This is a blog that does not shy away from touchy subjects, that look to reveal injustice at its core, and I hope that is what I have been able to do with my past posts. With that being said, I have been spending days trying to figure out what to say about what is now the largest civil rights movement in the history of the world. I have a lot of opinions when it comes to most things and this subject is no exception; I also do not necessarily subscribe to all of the points that are at the core of this movement, and none of that matters. Right now, what matters is not what a Jewy white guy from the suburbs thinks, what matters is black lives. I could never begin to pretend to know what it is like to be a person of color in this country, therefore the best I can do is provide a Jewish perspective and explain to my mostly Semitic readership why it is imperative that every Jew speaks up and speaks out against injustice.
I talked a lot about where I felt systemic racism existed in my post “The Injustices of The American Justice System,” so go there if you wish to read more on that specifically. It is important for every Jew to speak up when it comes to this topic. As a historically marginalized group, the Jewish consciousness knows too well the dangers of a tyrannical government. It is clear that in the United States, the justice system that we hold so dearly is tyranny on black lives.
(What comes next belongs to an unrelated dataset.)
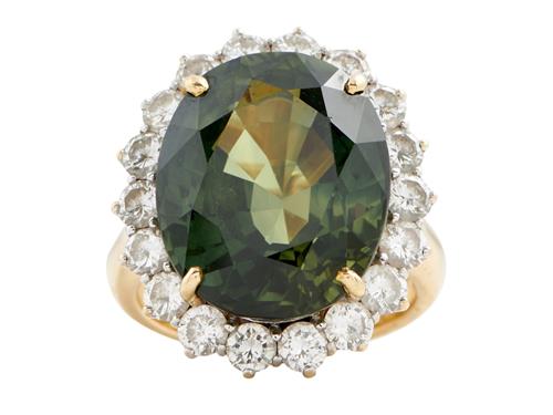 Centring a claw-set oval-cut sapphire weighing approximately 20.05 carats, within a surround of eighteen claw-set brilliant-cut diamonds together weighing approximately 1.95 carats, size M.

I could say that we need to stand up for black lives because it could be us next, but that feels shallow. I think that we are obligated to speak up because as a culture that has been able to flourish under the freedom of the United States and Israel specifically, we have a duty to mankind to let black communities experience the same break from bondage and allow for the flourishing of their culture too. Seeing the prosperity of Israeli innovation in Tel Aviv it is clear that when groups of people are given room to breathe, great things happen.
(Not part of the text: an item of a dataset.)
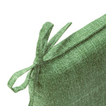 This set of two outdoor seat cushions features a distinguished, textured solid. Printed in shades of green, they easily coordinate with many patterns, colors and decor styles. A casual distressing adds artist-intended imperfections and character. Additional features of these outdoor seat cushions include rounded corners, 14" ties and recycled polyester fill with sewn seam closures. Also suitable for indoor use.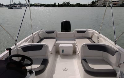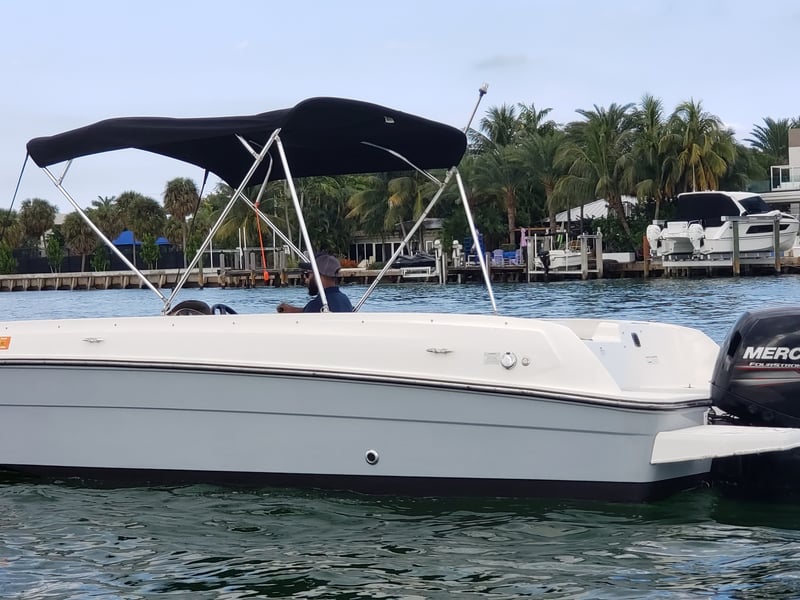Explore Miami Bay on a private Bayliner Element 21 cruise with your group. A captain must be hired separately and is paid at check-in.

Rabbi Abraham Joshua Heschel famously said that in Selma, Alabama marching arm in arm with Dr. King, he “learned to pray with his feet.” The overwhelmingly Ashkenazi Jewish population in America sees no anti-semitism as a result of the color of their skin. For the majority of those who choose not to wear any religious clothing, they face no antisemitism for their appearance whatsoever. Essentially, I and many other white Jews have white privilege in America. It is the reason why I do not worry about getting pulled over, playing with toy guns in public, being out past a curfew, and so many other things. The American Jew needs to begin to see how and why his enjoyment of white privilege aids to the detriment of black freedom. The only way to fix this is to act. Go to a protest, tweet a hashtag, and most importantly, call out racism in your community with the same vigor and passion that the Jewish community fights antisemitism. It was amazing to see so many come out in support of Jewish pride marchings following a violent antisemitic attack in New York. If the vision is to repair the world, then every Jew that cared enough to speak out during those protests should be arm in arm with our black neighbors right now, that is how we will pray with our feet.
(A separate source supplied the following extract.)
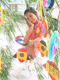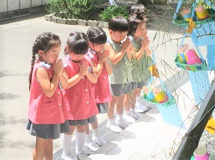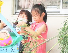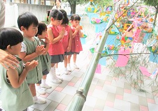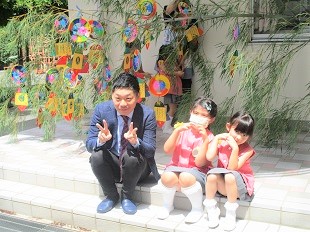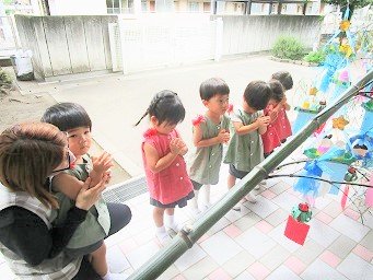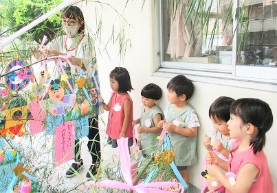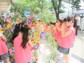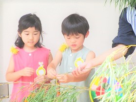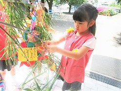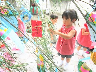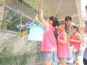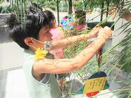 大きな笹に短冊をみんなで飾り、

Many Jews want to step away from all of this for one reason: historically the stance of the official Black Lives Matter organization is pro-Palestinian and anti-Zionist. With a protest in every US state and more than a dozen countries, it should be abundantly clear that BLM means much more than the title of an organization. It seems completely ludicrous to me that even a fragment of the Jewish community should end up on the wrong side of history because of the inability to separate these two concepts. Even if every protester did come out with hate for Israel, I would still support the movement because people are complicated and the fight for justice is universal, regardless of a secondary political opinion. It is my belief that the vast majority of those who choose to condemn Israel outright just do not have all of the information. If I want to expect to be listened to when I talk about defending the state of Israel, right now I need to stop talking and start listening about defending black lives.
It is abundantly clear that we are in the midst of a great period of change, and I do not doubt that the Jewish soul will survive this change just as it has every other in history. Holding on to the values of justice and kindness is what has made the Jewish people so resilient. Right now should be no different. Be an ally for black lives and be a force that will bring justice and peace to the world.